"Greeting, son Saduko!" he said in a deep, rumbling voice. "Why are you
back here so soon, and why do you bring this flea of a white man with
you?"
Now this was more than I could bear, so without waiting for my
companion's answer I broke in: "You give me a poor name, O Zikali. What would you think of me if I
called you a beetle of a wizard?"
"I should think you clever," he answered after reflection, "for after
all I must look something like a beetle with a white head. But why
should you mind being compared to a flea? A flea works by night and so
do you, Macumazahn; a flea is active and so are you; a flea is very hard
to catch and kill and so are you; and lastly a flea drinks its fill of
that which it desires, the blood of man and beast, and so you have done,
do, and will, Macumazahn," and he broke into a great laugh that rolled
and echoed about the rocky roof above.
Once, long years before, I had heard that laugh, when I was a prisoner
in Dingaan's kraal, after the massacre of Retief and his company, and I
recognised it again.
While I was searching for some answer in the same vein, and not finding
it, though I thought of plenty afterwards, ceasing of a sudden from his
unseemly mirth, he went on: "Do not let us waste time in jests, for it is a precious thing, and
there is but little of it left for any one of us. Your business, son
Saduko?"
"Baba!" (that is the Zulu for father), said Saduko, "this white Inkoosi,
for, as you know well enough, he is a chief by nature, a man of a great
heart and doubtless of high blood [this, I believe, is true, for I have
been told that my ancestors were more or less distinguished,
although, if this is so, their talents did not lie in the direction of
money-making], has offered to take me upon a shooting expedition and to
give me a good gun with two mouths in payment of my services. But I told
him I could not engage in any fresh venture without your leave, and--he
is come to see whether you will grant it, my father."

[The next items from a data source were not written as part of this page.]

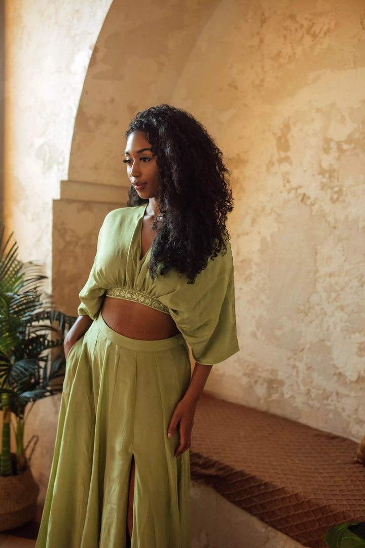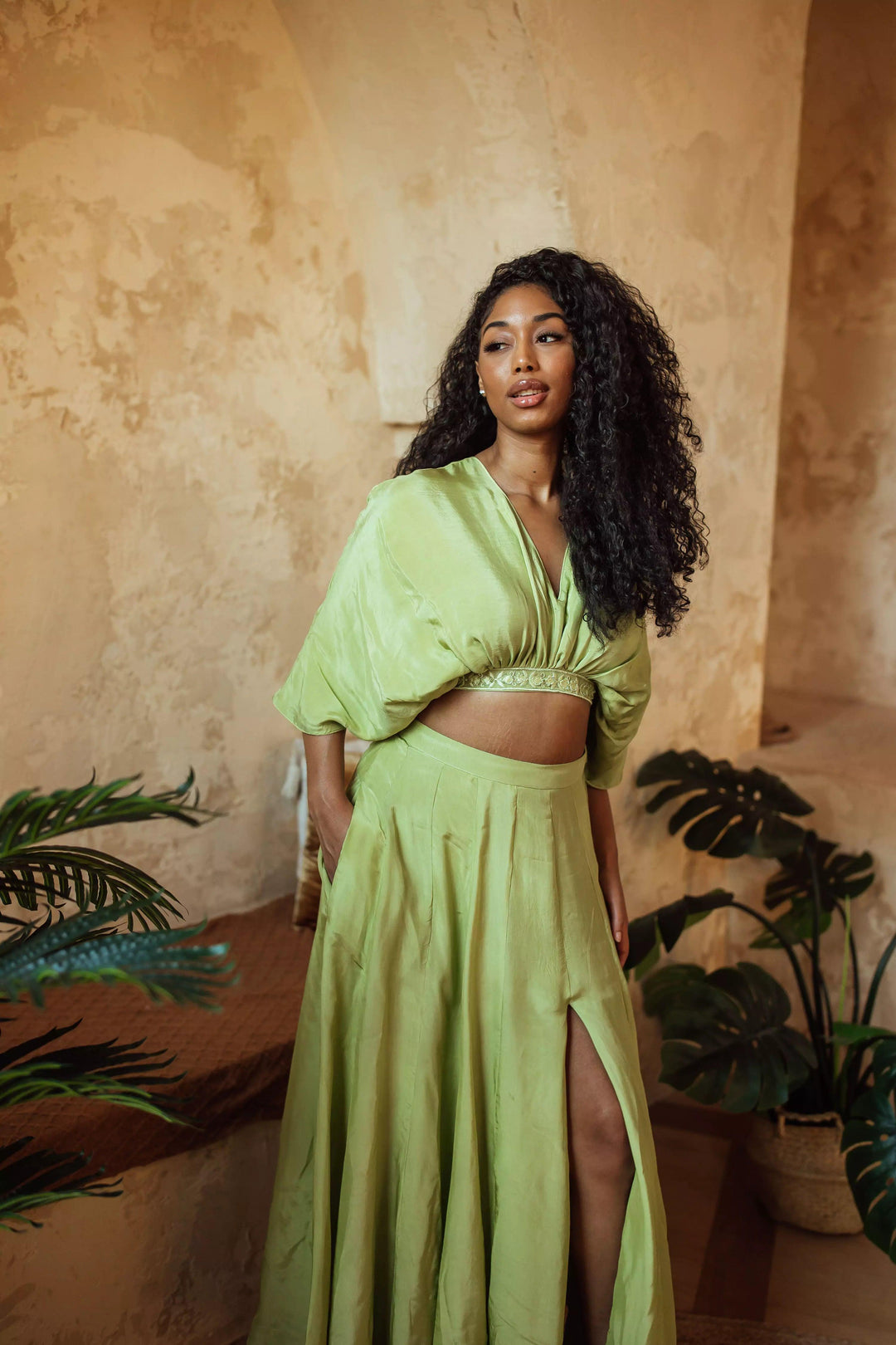 Introducing the Juliet Top, made with luxurious green soft silk for a soft feel. The delicate beading along the bottom adds a touch of elegance, while the flowy loose arms provide a comfortable and relaxed fit. Elevate your style with this versatile and sophisticated top.
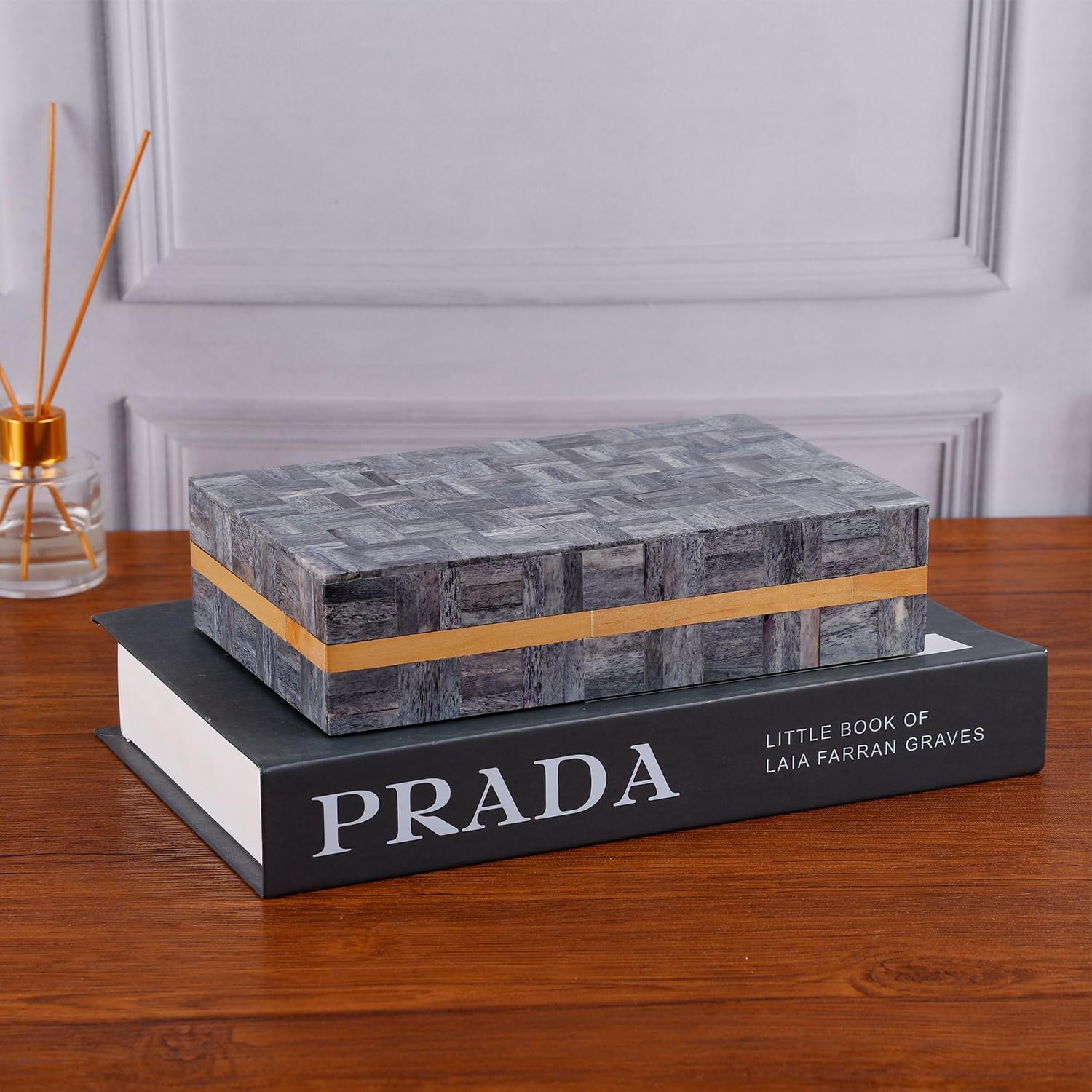 Handicrafts Home Decorative Storage Box - Brick Pattern - Grey Modern Geometric Design – Featuring a sleek, contemporary Brick pattern with clean lines, this handcrafted box adds elegance and style to your coffee table, bookshelf, entryway, or dresser. Multi-Purpose Organizer – Ideal as a jewelry box, memory box, remote holder, trinket box, or photo storage box, keeping your essentials neatly organized while elevating your home decor. Four Convenient Sizes – Available in Large, Medium, Compact, and Small, each box is designed to suit different needs – from storing keepsakes and letters to everyday accessories and small valuables. Decorative Accent Piece – More than just storage, this decorative box with lid doubles as a stylish decor accent for modern, bohemian, vintage, or minimalist interiors. Perfect for coffee table decor or shelf styling. Authentic Artisan Craftsmanship – Designed in the US and handcrafted by skilled Indian artisans, every piece reflects authentic artistry, cultural heritage, and fair-trade values. Product Details: Color/Pattern: Brick (Grey) Material: Bone Inlay & Pine MDF Outer Sizes: 12x8x5, 10x8x4, 9x6x3.5, 8x4x4 inches Inner Size: 9x7x3.5, 9.2x7x3, 8x5x2.5, 7x3.5x3.5 inches Uses: Jewelry Organizer, Keepsake Box, Memory Box, Remote Storage, Coffee Table & Shelf Decor, Mantle Decor, Entryway Decor
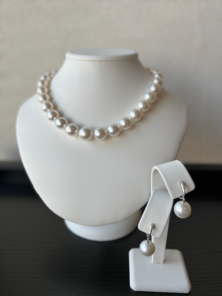 真珠とダイヤ💎は何故こんなにも相性が良いのでしょう。 きっとダイヤの硬い石に、正反対な柔らかい真珠が、優しさと嫋やかさでダイヤを包み込んでしまうのでしょう…。貴方のウェディングドレスにもきっと合うはず。
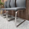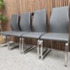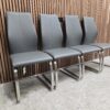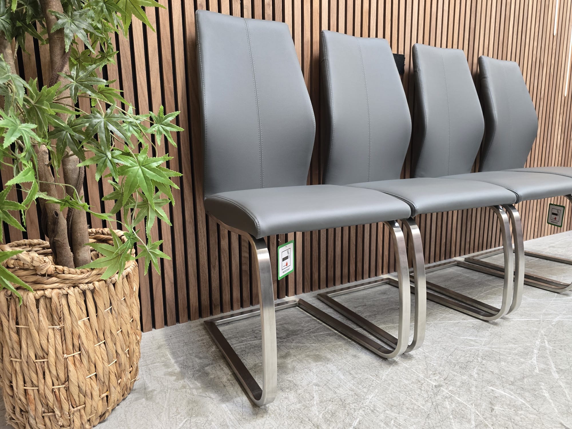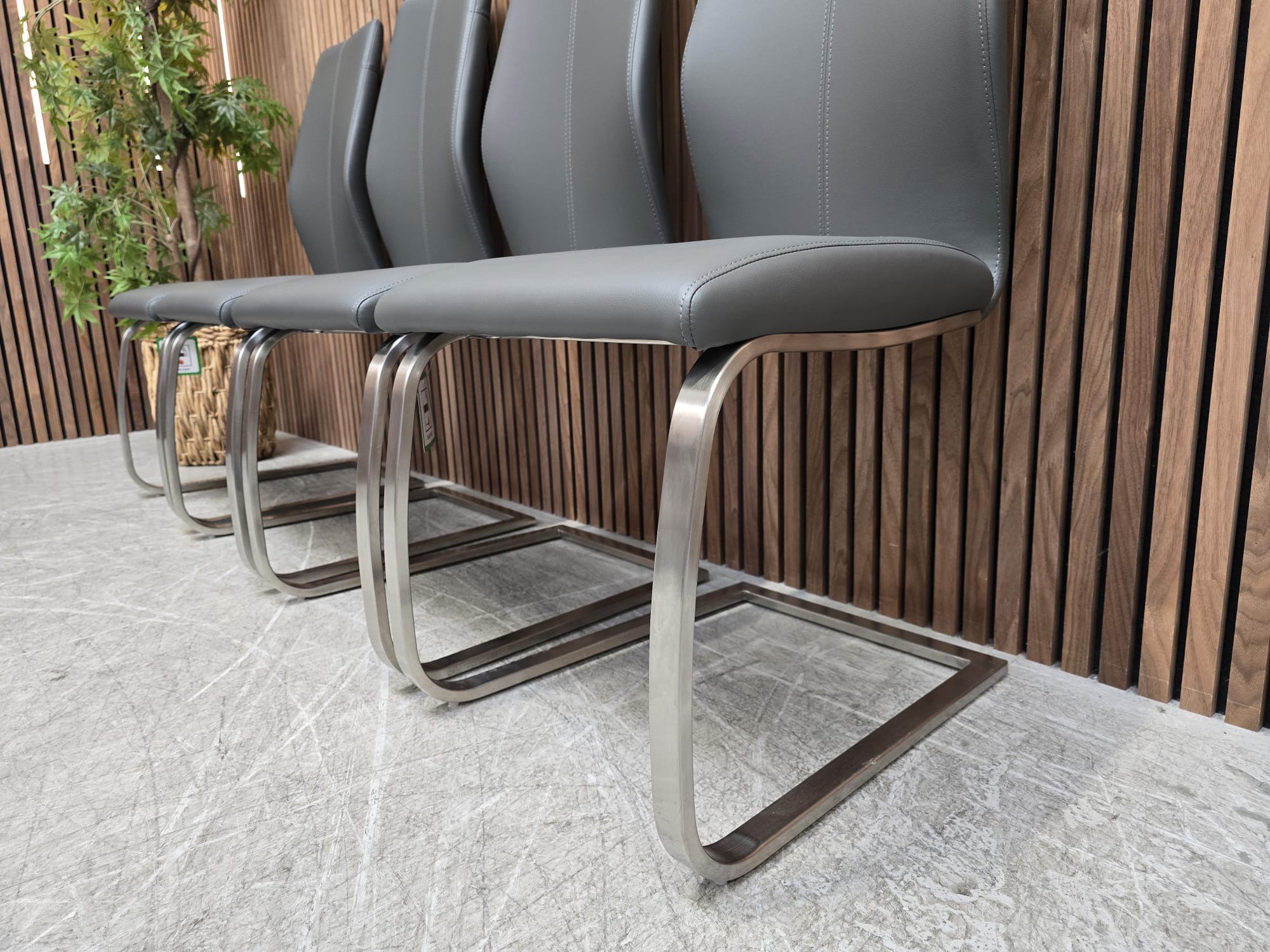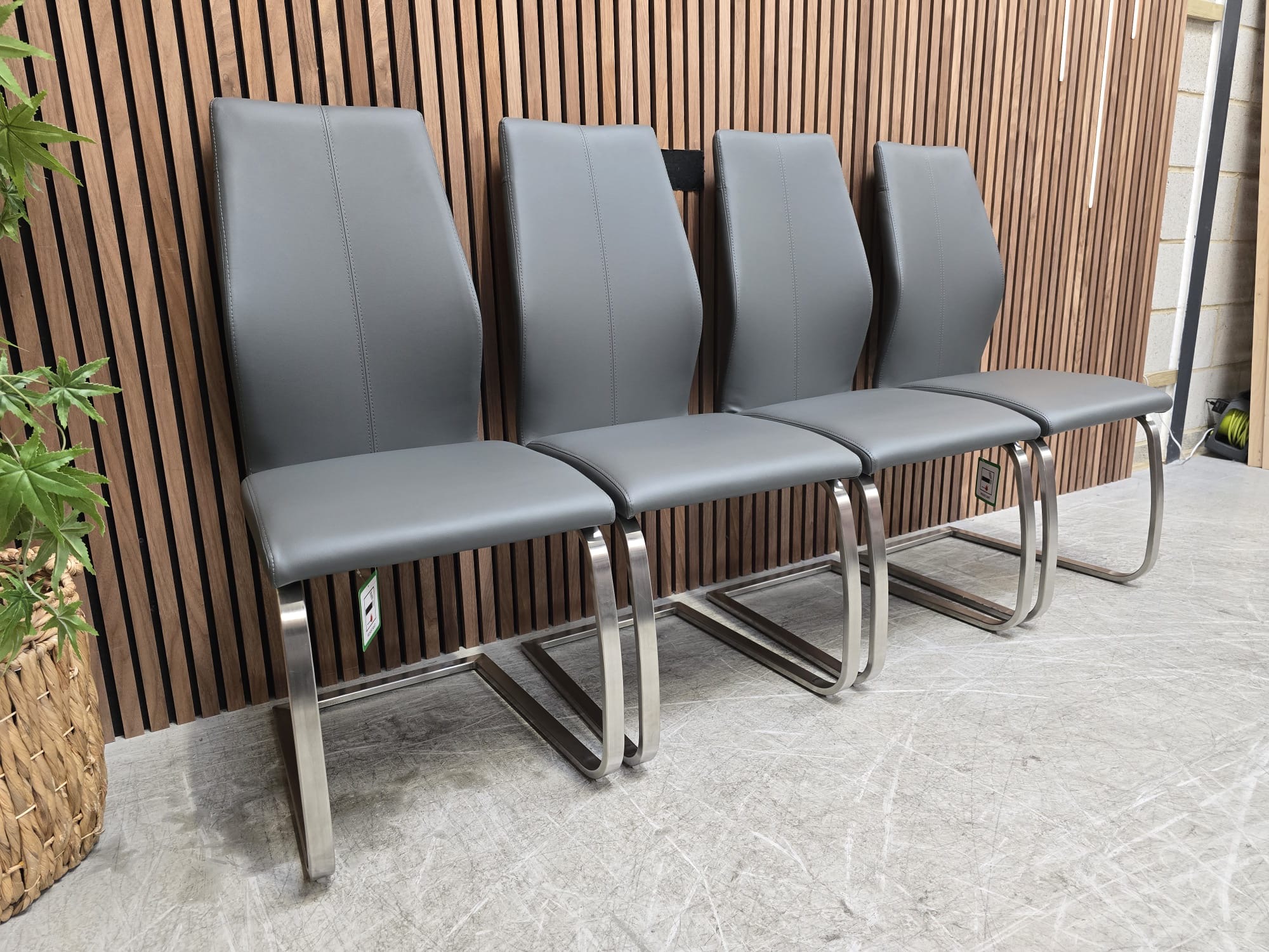 4x India Faux Leather Grey Dining Chairs With Brushed Steel Legs RRP-£720

"Indeed," answered the dwarf, nodding his great head. "This clever white
man has taken the trouble of a long walk in the sun to come here to
ask me whether he may be allowed the privilege of presenting you with a
weapon of great value in return for a service that any man of your years
in Zululand would love to give for nothing in such company?
"Son Saduko, because my eye-holes are hollow, do you think it your part
to try to fill them up with dust? Nay, the white man has come because
he desires to see him who is named Opener-of-Roads, of whom he heard a
great deal when he was but a lad, and to judge whether in truth he has
wisdom, or is but a common cheat. And you have come to learn whether or
no your friendship with him will be fortunate; whether or no he will aid
you in a certain enterprise that you have in your mind."